Tom Cotton

Tom Cotton challenges Iran foreign minister to verbal duel

Freshman Sen. Tom Cotton (R-Ark.), who perturbed the Obama administration when he got 46 colleagues to sign on to an open letter advising Tehran of Congress’ legitimate role in any nuclear agreement, is not done facing off with Iran.

In New York for the U.N. Nonproliferation Treaty Conference, Iranian Foreign Minister Javad Zarif said at a New York University event on Wednesday that all sanctions on Iran will be lifted the moment it signs an agreement:”If we have an agreement on the 30th of June, within a few days after that, there will be a resolution before the UN Security Council under Article 41 of Chapter 7 which will be mandatory for all member states whether Senator Cotton likes it or not.”

“We don’t want to get bogged down into the domestic procedures in the United States. I’ve studied and lived in the U.S.,” Zarif said. “I know enough about the U.S. Constitution and U.S. procedures, but as a foreign government I only deal with U.S. government. I do not deal with U.S. Congress.”
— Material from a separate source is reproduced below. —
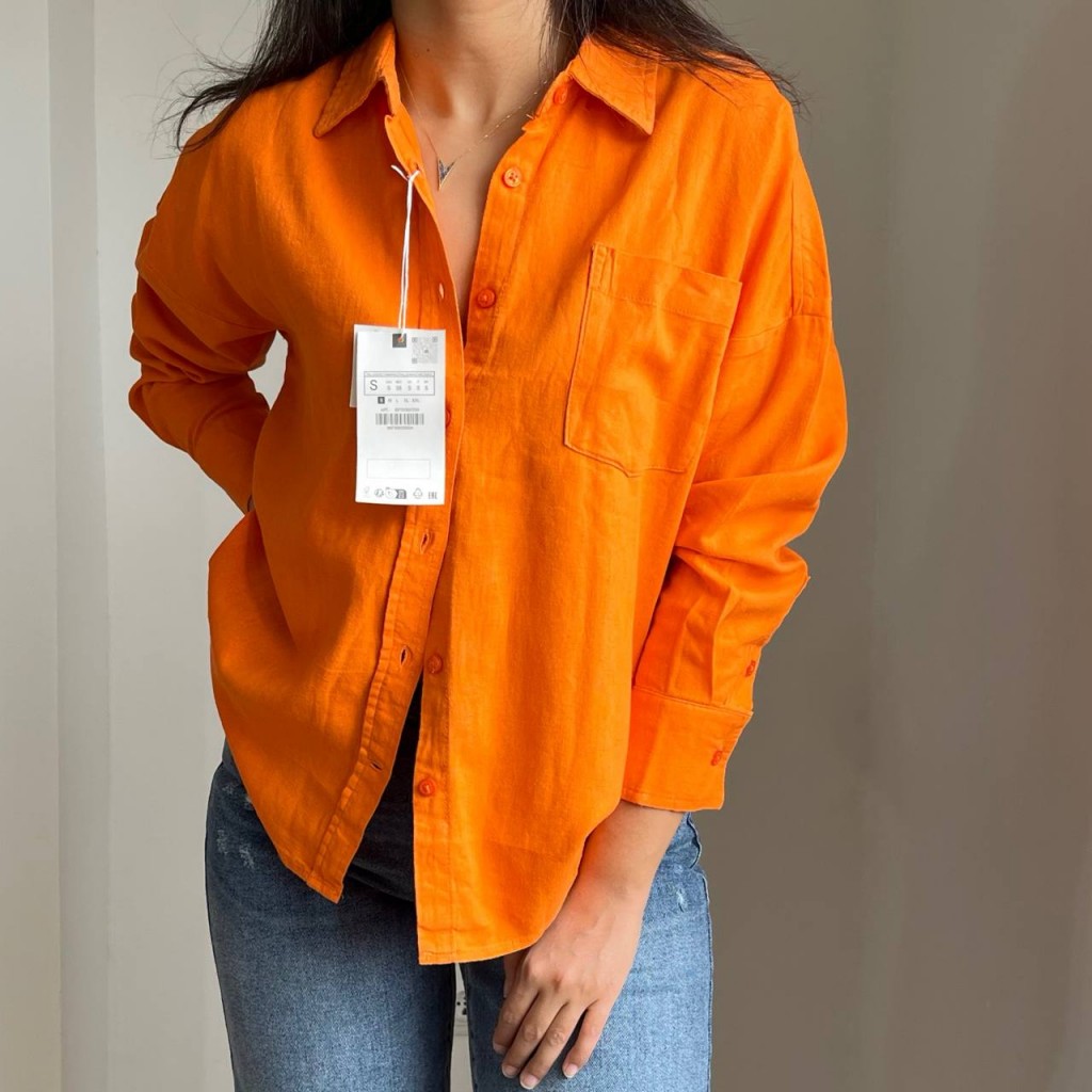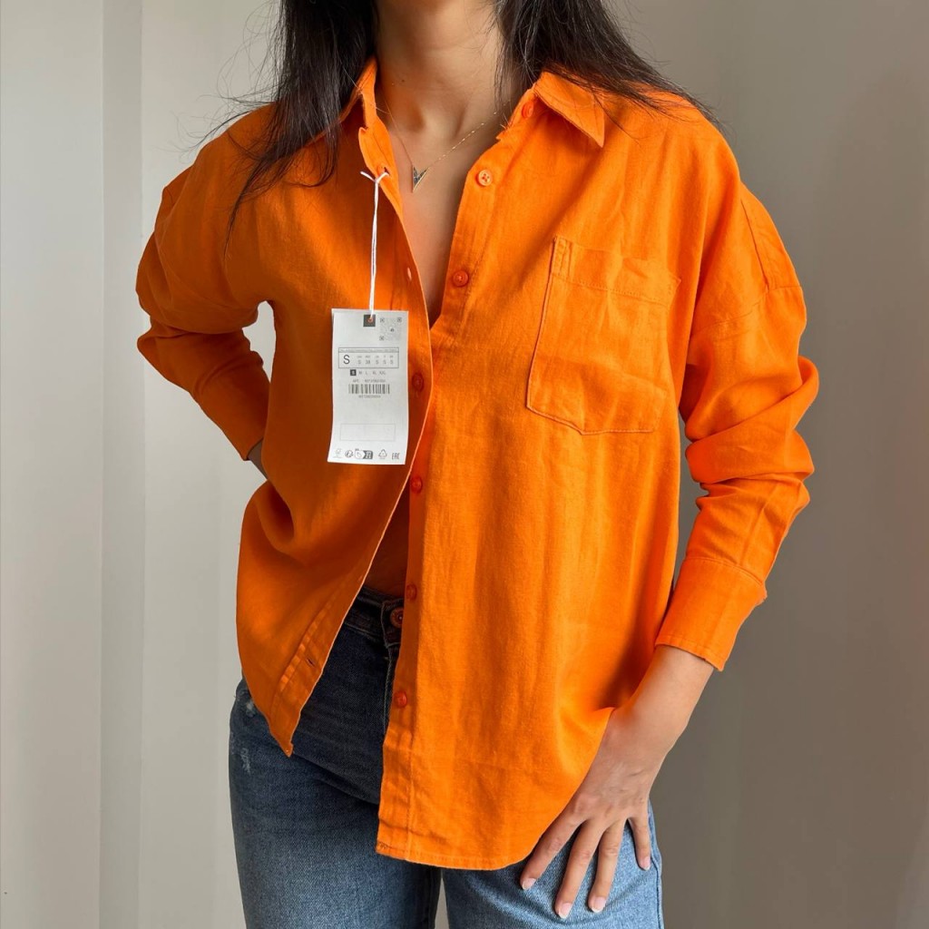شومیز لینن نارنجی، ترکیبی از راحتی و استایل مدرن برای بزرگسالان است. پارچه لینن سبک و خنک، احساس سبکی و تنفسپذیری را در طول روز فراهم میکند و رنگ نارنجی جلوهای شاد و جذاب به استایل شما اضافه میکند.

How did Cotton respond? Game on.

“Sanctions relief isn’t about what I like, but what will keep America safe from a nuclear-armed Iran. But I suspect Foreign Minister Zarif is saying what President Obama will not because the president knows such terms would be unacceptable to both Congress and the American people. The repeated provocative statements made by members of the Iranian leadership demonstrate why Iran cannot be trusted and why the president’s decision to pursue this deal and grant dangerous concessions to Iran was ill-advised from the beginning,” Cotton said in a statement. “These aren’t rhetorical tricks aimed at appealing to hard-liners in Iran; after all, Mr. Zarif was speaking in English in New York. Rather, they foreshadow the dangerous posture Iran will take and has taken repeatedly—including as recently as yesterday with the interception of a U.S.-affiliated cargo ship—if this deal moves forward.”

“More, they reaffirm the need for Congress to approve any final deal and to conduct oversight over the Obama administration’s actions. As we consider the Iran Nuclear Agreement Review Act, I urge my colleagues to ensure we pass legislation strong enough to stop a bad deal in its tracks and protect the American people from a nuclear Iran.”

But the senator wasn’t done with Zarif, taking to Twitter with a challenge.

Hey @JZarif, I hear you called me out today. If you’re so confident, let’s debate the Constitution. 1/4


 

Here’s offer: meet in DC, @JZarif, time of your choosing to debate Iran’s record of tyranny, treachery, & terror. 2/4

I understand if you decline @JZarif after all, in your 20s, you hid in US during Iran-Iraq war while peasants & kids were marched to die 3/4

Not badge of courage @JZarif, to hide in US while your country fought war to survive-but shows cowardly character still on display today 4/4

Zarif hasn’t replied to the tweets.

In an earlier interview with PBS, Zarif also stated that the administration is misstating the nature of the agreement.

“Sanctions must be lifted as soon as Iran implements its agreed part. We have an agreement,” he said. “That agreement provides for the lifting of all sanctions, all economic and financial sanctions and those sanctions are lifted because the logic is very clear. The logic is if you want an agreement, you have two options — option of pressure, option of agreement. You cannot mix the two.”